Tabel 5.4 Hasil pensejajaran dengan BLAST dari fragmen 230 pb.
Deskripsi Max
Score
E-
Value
Max
Ident
(%)
Pseudomonas entomophila str. L48, kromosom,
sekuen lengkap
274 2E-70 90
Pseudomonas putida HB3267, genom lengkap 260 3E-66 88
Pseudomonas putida S16, genom lengkap 255 1E-64 87
Pseudomonas putida GB-1, genom lengkap 248 2E-62 86
Pseudomonas putida DOT-T1E, genom lengkap 246 6E-62 86
Pseudomonas putida ND6, genom lengkap 246 6E-62 86
Pseudomonas putida F1, genom lengkap 246 6E-62 86
Pseudomonas putida BIRD-1, genom lengkap 242 7E-61 86
Pseudomonas putida KT2440, genom lengkap 237 3E-59 86
Pseudomonas protegens CHA0, genom lengkap 210 4E-51 85
Pseudomonas protegens Pf-5, genom lengkap 210 4E-51 82
Tabel 5.5 Hasil pensejajaran dengan BLAST dari fragmen 829 pb
Deskripsi Max
Score
E-
Value
Max
Ident
(%)
Pseudomonas putida HB3267, genom lengkap 271 6E-69 76
Pseudomonas putida KT2440, genom lengkap 241 1E-59 74
Pseudomonas putida BIRD-1, genom lengkap 230 2E-56 74
Pseudomonas putida ND6, genom lengkap 226 2E-55 73
Pseudomonas putida F1, genom lengkap 226 2E-55 73
Dari data BLAST ini meragukan asumsi pertama bahwa bakteri
Azospirillum sp. JG3 pada kromosomnya terdapat gen pengkode lipase. Analisis
peneliti menyimpulkan ada dua kemungkinan sehingga didapatkan data seperti
ini. Pertama, Azospirillum sp. JG3 tidak menutup kemungkinan mampu
menghasilkan enzim lain di samping lipase yang terdapat pada untaian DNA
52
kromosomnya. Hal ini tentunya memerlukan investigasi lebih lanjut. Kedua, dari
awal ada kontaminan bakteri lain yang terdapat pada kultur bakteri yang akan
diisolasi DNA kromosomnya. Dugaan terbesar adalah adanya Pseusomonas sp.

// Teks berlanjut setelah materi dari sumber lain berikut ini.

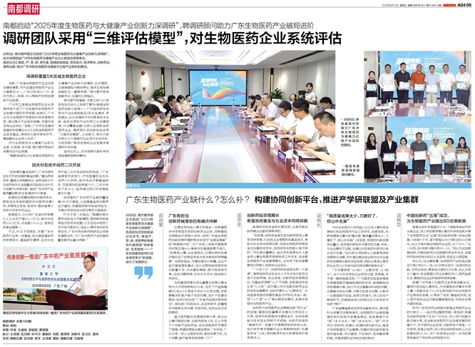 8月8日,南方都市报正式启动主题为“健康领航,创新宏图”的2025年度生物医药与大健康产业创新力深调研。此次深调研由广州市生物医药与健康产业办公室担任指导单位。本次启动仪式上,汇聚了政、产、学、研、资代表,围绕政策扶持、资本投入、成果转化、BD出海等话题,对广州作为粤港澳大湾区核心城市在生物医药领域如何发挥领航作用进行了深入探讨。
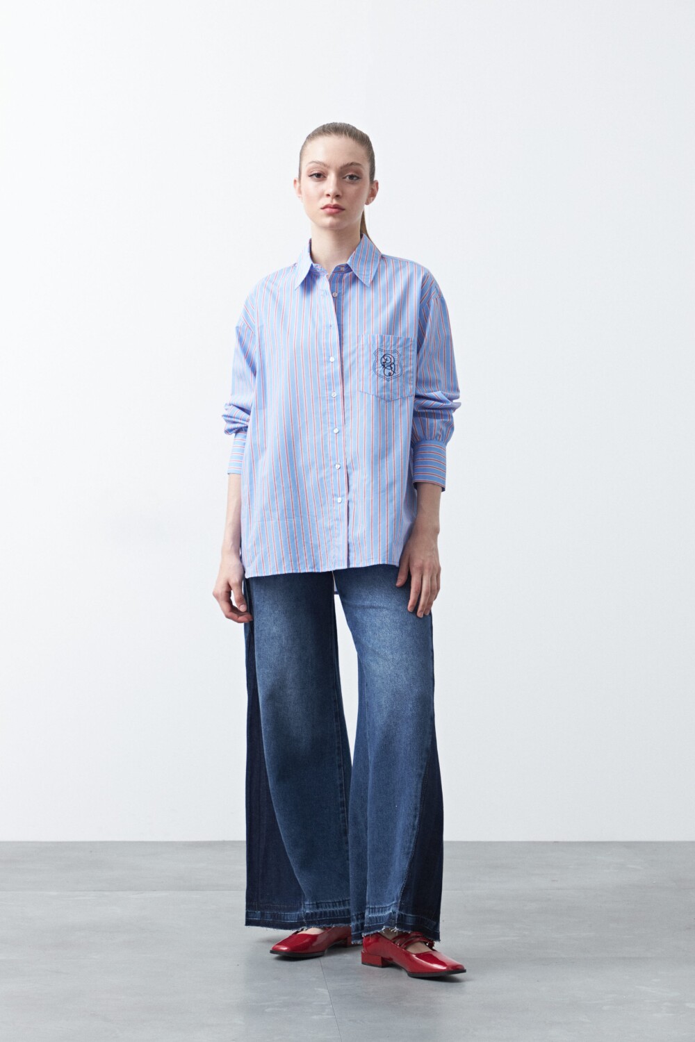 Camisa a rayas de manga larga confeccionada en tejido yarn dye, un método que aporta mayor definición y durabilidad a la estampa. El diseño se destaca por su impronta preppy, de inspiración clásica, con cuello camisero y botones frontales. El bordado aplicado en el bolsillo suma un detalle distintivo y sutil, reforzando la identidad de la prenda sin perder sobriedad. Su calce cómodo la convierte en una pieza versátil, ideal para looks de oficina o combinaciones más relajadas.
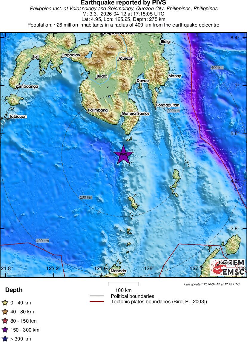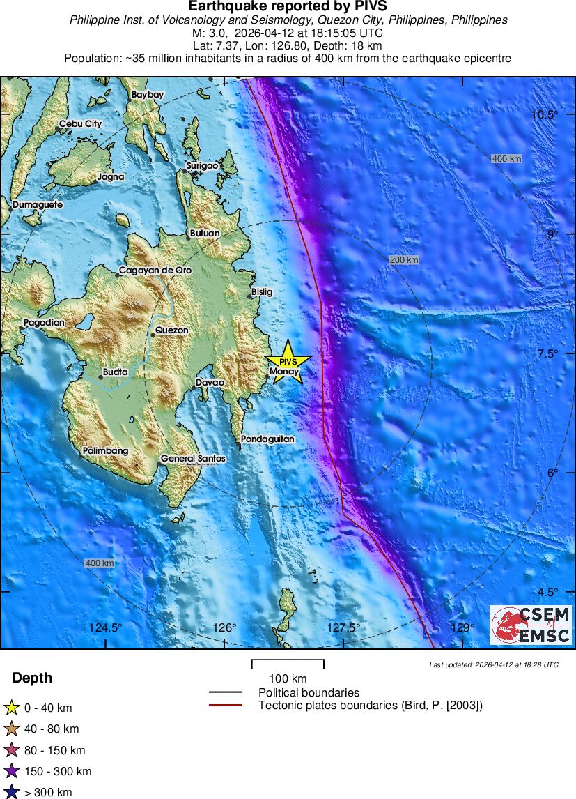| 3 | 18 | 3636 | 04:15 | Link | Terremoto menor - MINDANAO, PHILIPPINES - Hoje |
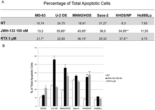 Figure 2: Effects of JWH-133 and RTX on apoptosis in OS cell lines. (A) Mean percentage of total apoptosis, of three independent experiment, induced by JWH-133 [100 nM] and RTX [5 μM], after 24h of exposure. The graph (B) represents the mean percentage ± SD of total apoptosis, of three independent experiment, induced by JWH-133 [100 nM] and RTX [5 μM], after 24h of exposure. A t-test has been used to evaluate statistical differences among the groups. * indicates p ≤ 0.05 compared to the untreated control (NT), ** indicates p ≤ 0.01 compared to the untreated control (NT).
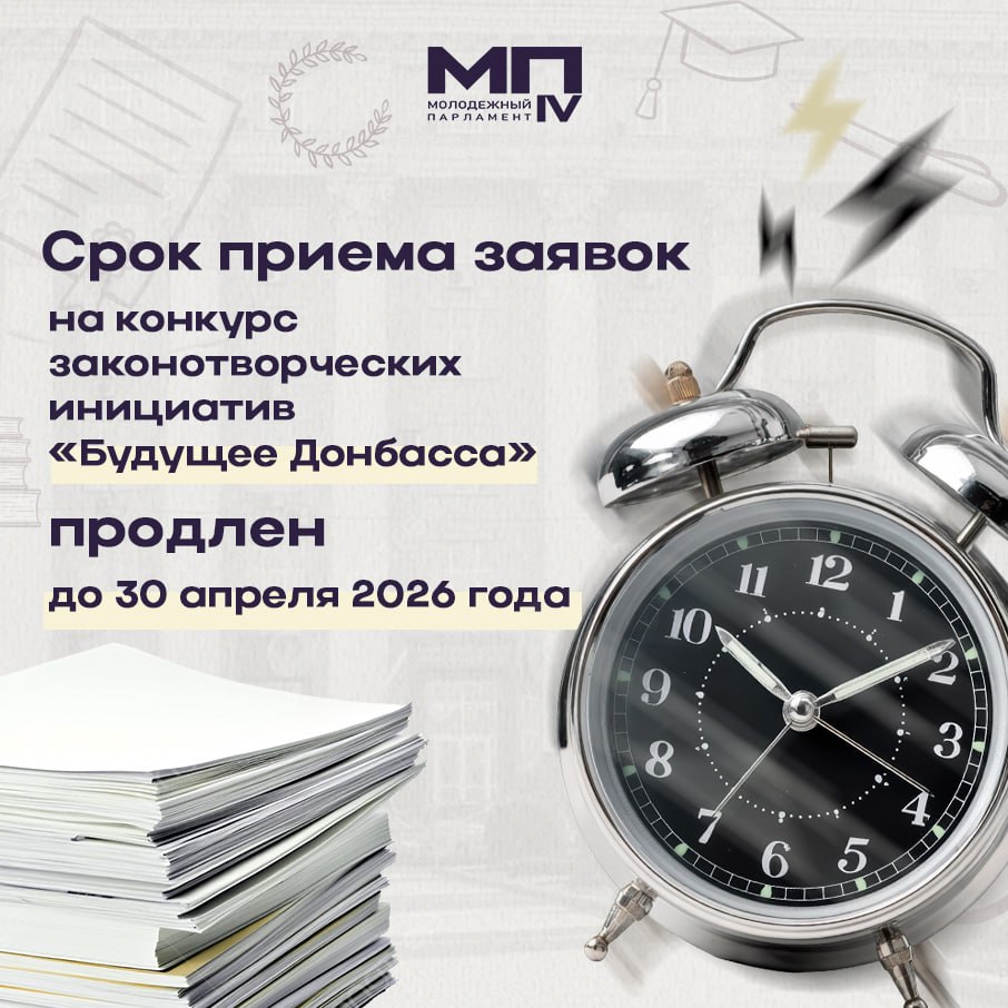 Теперь отправить свою работу на конкурс законотворческих инициатив «Будущее Донбасса» можно до 30 апреля 2026 года.
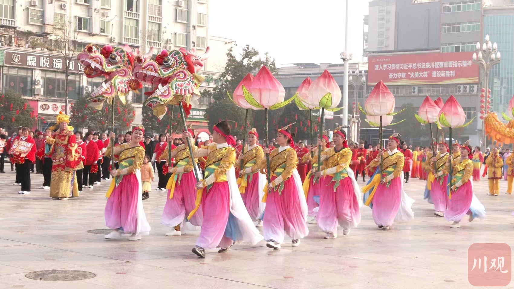 表演团队从大英县政府广场出发,沿着街道巡游表演,道路两旁人头攒动,热闹非凡。
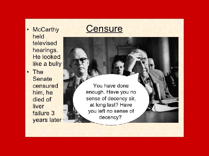• Many Senators were afraid to stand up to him for fear of being branded a “pinko” (communist sympathizer)
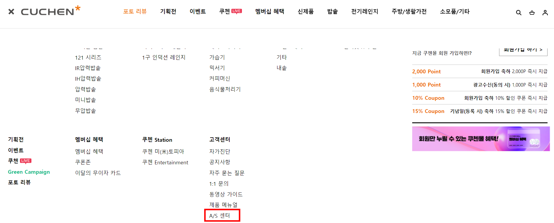 쿠첸 홈페이지에서 삼선 (三)을 누르시면 고객센터 탭 아래쪽에 A/S센터 탭이 있습니다.
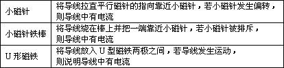 | 所用器材 | 主要实验步骤及判断导线中是否有电流的方法 | |
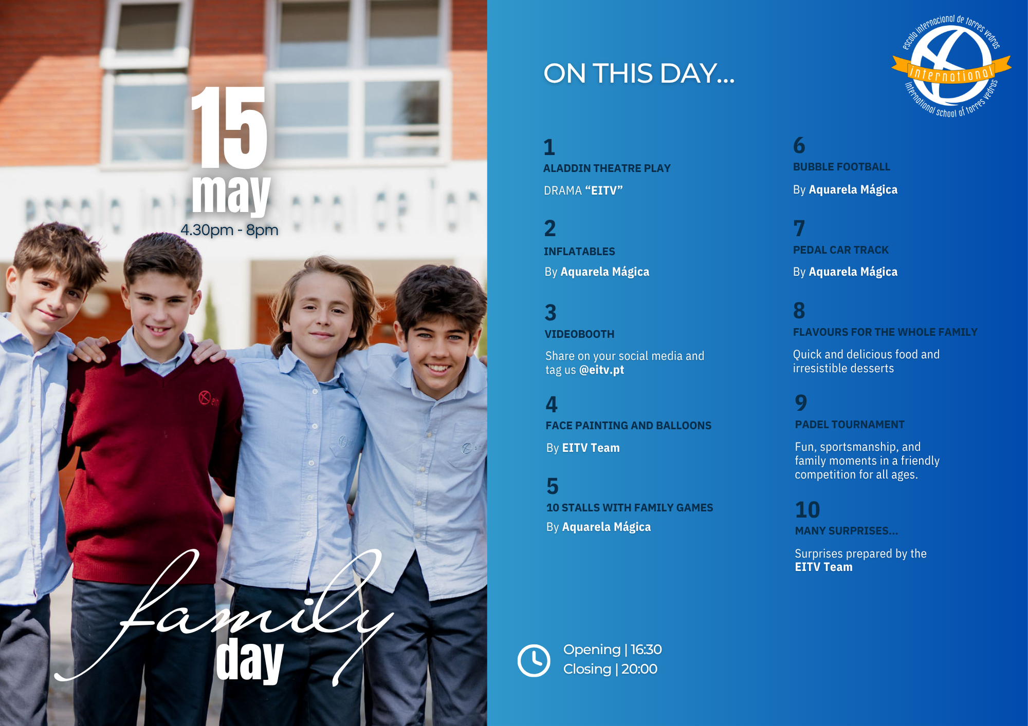 We are delighted to invite you to the EITV Family Afternoon, which will take place on May 15th 2026 (16h30 – 20h00) at Escola Internacional de Torres Vedras.
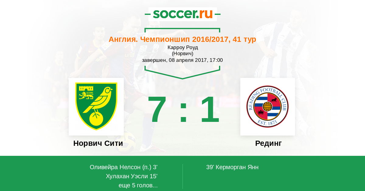 Норвич Сити - Рединг: обзор матча 8 апреля 2017
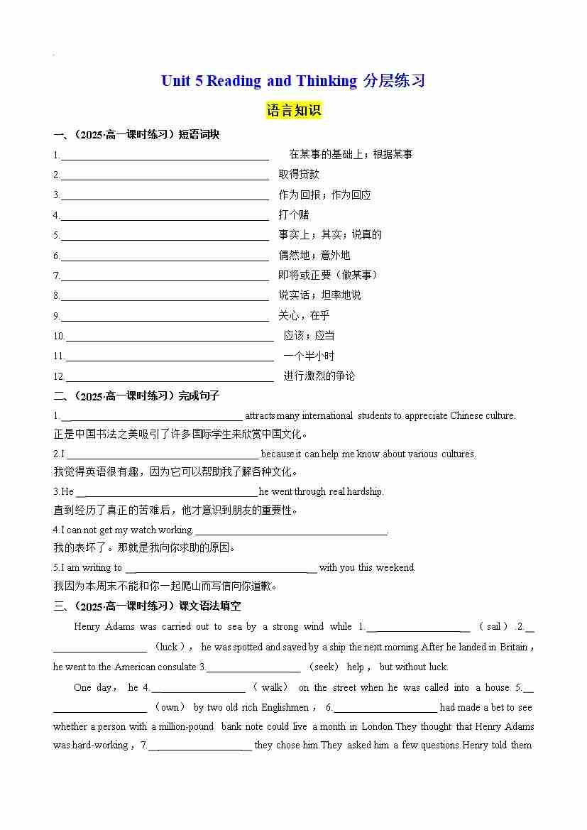 首页 > 全部 > 分层作业 > Unit 5 Reading and Thinking 分层练习(原卷版)--- 【上好课】2024-2025学年高一英语同步精品课堂(人教版2019必修第三册)
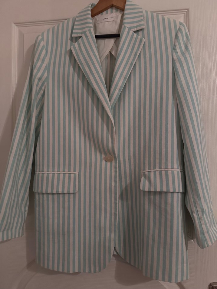 MANGO Bej Çizgili Midi Kadın Blazer Ceket

yang sama-sama merupakan bakteri tanah gram negatif. Dengan demikian untuk
penelitian selanjutnya perlu dilakukan uji kemurnian dari isolat bakteri
Azospirilium sp. JG3 seperti yang dilakukan oleh Nurosid et al. (2008) sebelum
dilakukan karakterisasi fragmen gen pengkode lipase maupun pengkode enzim
lainnya.
53
BAB VI
KESIMPULAN DAN SARAN
6.1 Kesimpulan
Berdasarkan data yang telah diperoleh pada penelitian ini, maka dapat
disimpulkan beberapa hal berikut:
1. Urutan nukleotida enzim asilgliserol lipase dari Azospirillum sp. B510
dapat digunakan untuk desain primer PCR dalam rangka mengamplifikasi
fragmen gen lipase dari Azospirillum sp. JG3.
2. Pasangan primer AzoF3 (5’ GGA TCA CCT ATA CCC TCG TC 3’) dan
AzoR3 (5’ CTT CAG GTC ACG CAA CAG 3’) dapat mengamplifikasi
fragmen gen putatif lipase Azospirillum sp. JG3 dengan panjang fragmen
829 pb (0,8 kb) dan 230 pb (0,2 kb).
3. Urutan nukleotida fragmen gen putatif lipase Azospirillum sp. JG3
masing-masing memiliki kemiripan 55,59% (0,8 kb) dan 61,03% (0,2 kb)
dengan urutan nukleotida pengkode enzim asilgliserol lipase milik
Azospirillum sp. B510 (NC_013857).
6.2 Saran
Penelitian ini masih memerlukan investigasi lebih lanjut mengenai
kecocokan primer dengan cetakan DNA Azospirillum sp. JG3 dan disarankan
kedepannya untuk menggunakan degenerate primer yang disusun berdasarkan
urutan asam amino dari beberapa lipase bakteri. Bisa juga dalam penelitian
digunakan primer yang tetap disusun berdasarkan urutan DNA pengkode
asilgliserol lipase milik Azospirillum sp. B510 di mana urutan primer diambil
pada daerah yang terletak di antara daerah conserve.